Source material:
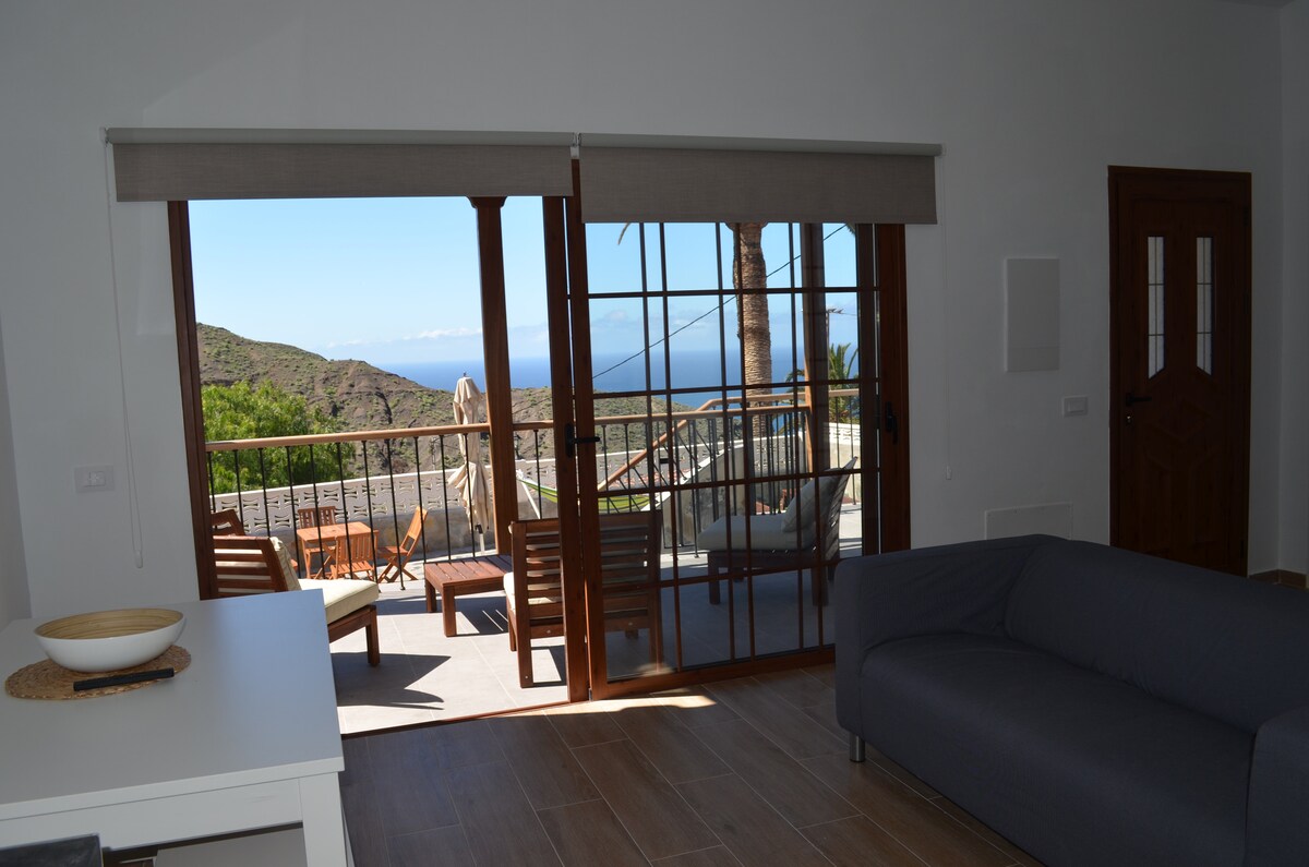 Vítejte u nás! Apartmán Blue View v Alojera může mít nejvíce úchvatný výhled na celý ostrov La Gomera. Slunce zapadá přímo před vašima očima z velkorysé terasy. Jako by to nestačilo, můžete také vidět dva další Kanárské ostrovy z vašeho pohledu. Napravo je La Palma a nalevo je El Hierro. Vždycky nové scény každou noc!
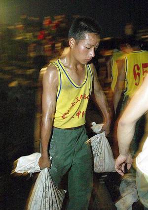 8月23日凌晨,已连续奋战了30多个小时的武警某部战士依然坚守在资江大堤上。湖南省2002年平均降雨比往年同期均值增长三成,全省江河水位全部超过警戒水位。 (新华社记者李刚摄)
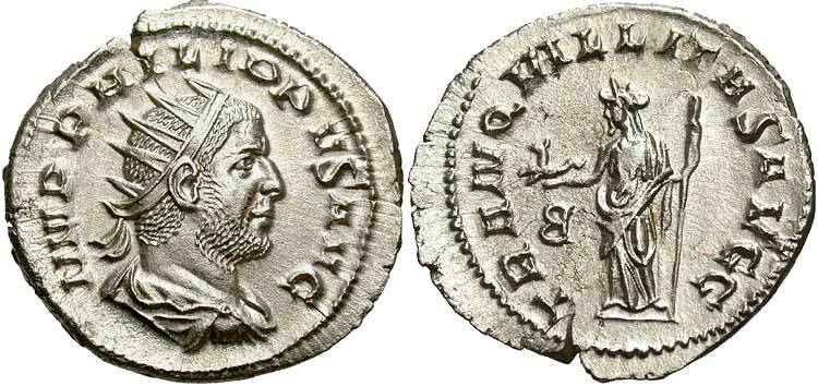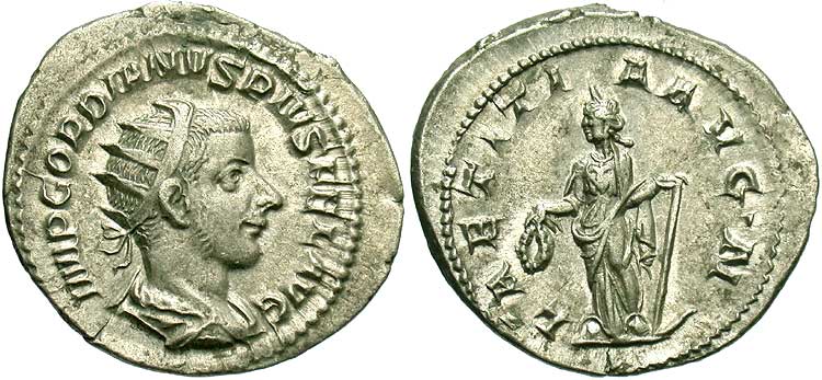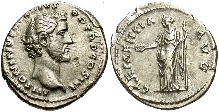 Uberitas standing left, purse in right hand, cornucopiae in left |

Required work: Take the line with "8月23日凌晨,已连续奋战了" and each line after it through the end of the material above, and reproduce them exactly, without the pictures.

Final answer:
 8月23日凌晨,已连续奋战了30多个小时的武警某部战士依然坚守在资江大堤上。湖南省2002年平均降雨比往年同期均值增长三成,全省江河水位全部超过警戒水位。 (新华社记者李刚摄)
 Uberitas standing left, purse in right hand, cornucopiae in left |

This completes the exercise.